The bottom line expressed in our immediately preceding blog post is clear-cut. It underscores the need for a proven criminal defense attorney to subject every piece of evidence against a client to closest scrutiny.
We note in our February 5 entry that the importance of that task cannot be overstated, given the potential for tainted evidence that exists in any given case.
A national news report chronicles so-called "whisper" stops of vehicles that police make based on clandestine information supplied them by federal agencies. Put in simplest terms, notes NPR, federal authorities "often secretly feed information to local law enforcement."
That practice obviously turns justice on its head. Truth and fairness are fatally compromised when a whispered tip rather than, say, an alleged improper lane change actually yielded a criminal conviction.
The above report -- compiled by the respected Human Rights Watch organization -- notes that the real sources of incriminating evidence are sometimes so veiled that they simply remain unknown to defendants. Moreover, they come from agencies ranging widely from the FBI and the NSA to the Drug Enforcement Administration and Immigration and Customs Enforcement.

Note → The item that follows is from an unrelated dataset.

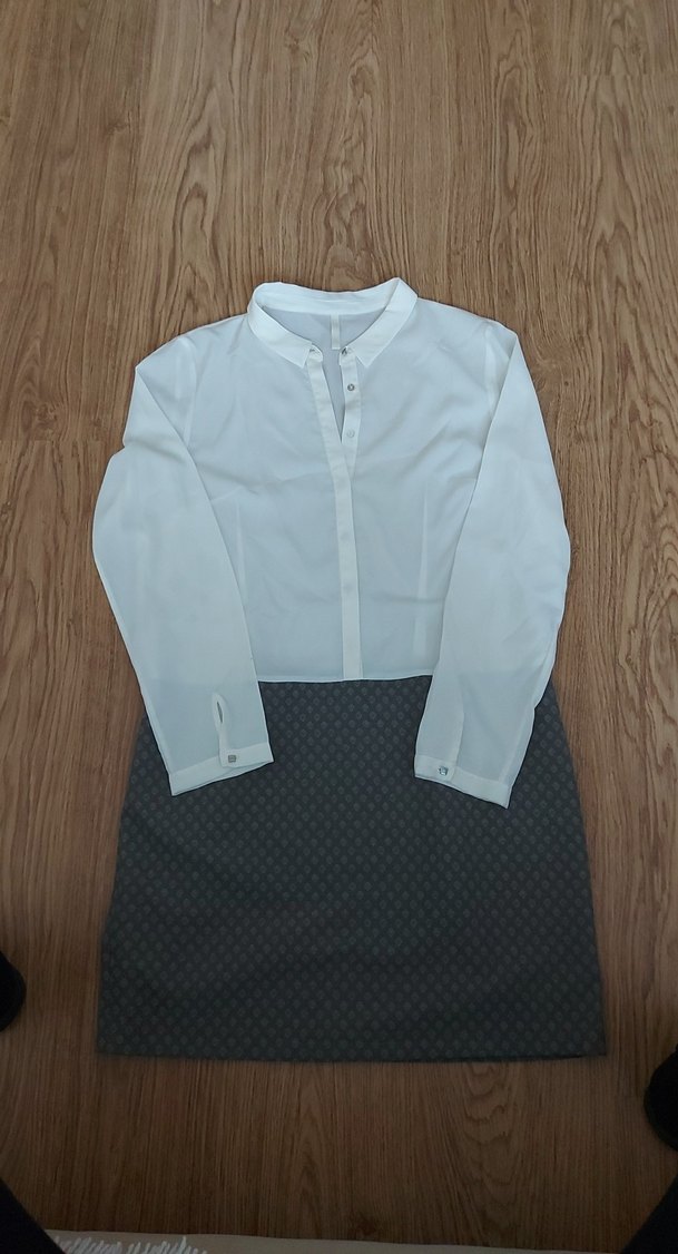 Düğmeli, uzun kollu ve yakalı beyaz kadın gömlek elbise Normal kesim ve sentetik kumaştan, ofis için uygun sade tasarım. boy 90 cm ,bel 48 cm,gögus 52 cm bir kez giyilmistir

The legitimacy of such evidence cannot be tested when it remains shrouded as to source and origin. The lead author of the Watch report notes that muddying the evidence trail "deliberately hoodwinks defendants and judges" and undermines the American Constitution.
An experienced defense attorney knows that intimately well and will always retain a healthy skepticism while methodically examining every material aspect of criminal evidence that seeks to incriminate a client.